• Input data
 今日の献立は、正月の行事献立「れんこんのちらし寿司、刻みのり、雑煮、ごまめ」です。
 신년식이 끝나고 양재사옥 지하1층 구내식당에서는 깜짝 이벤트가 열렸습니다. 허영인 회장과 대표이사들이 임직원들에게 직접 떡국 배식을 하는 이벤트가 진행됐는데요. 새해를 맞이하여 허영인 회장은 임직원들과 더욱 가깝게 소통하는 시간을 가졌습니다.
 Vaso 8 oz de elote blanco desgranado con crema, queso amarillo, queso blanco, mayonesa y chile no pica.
==
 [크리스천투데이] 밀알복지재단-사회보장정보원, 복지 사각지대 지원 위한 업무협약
--
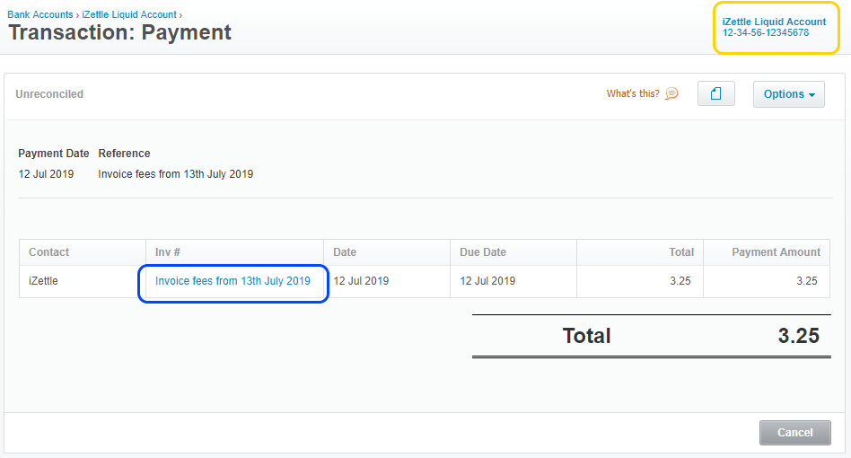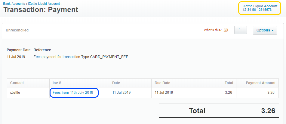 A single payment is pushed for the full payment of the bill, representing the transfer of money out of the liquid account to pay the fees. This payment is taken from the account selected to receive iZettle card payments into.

• What to work on
Reproduce the lines above, beginning at the line with "今日の献立は、正月の行事献立" and stopping after the line with "Vaso 8 oz de", exactly as they are.

• Response
 今日の献立は、正月の行事献立「れんこんのちらし寿司、刻みのり、雑煮、ごまめ」です。
 신년식이 끝나고 양재사옥 지하1층 구내식당에서는 깜짝 이벤트가 열렸습니다. 허영인 회장과 대표이사들이 임직원들에게 직접 떡국 배식을 하는 이벤트가 진행됐는데요. 새해를 맞이하여 허영인 회장은 임직원들과 더욱 가깝게 소통하는 시간을 가졌습니다.
 Vaso 8 oz de elote blanco desgranado con crema, queso amarillo, queso blanco, mayonesa y chile no pica.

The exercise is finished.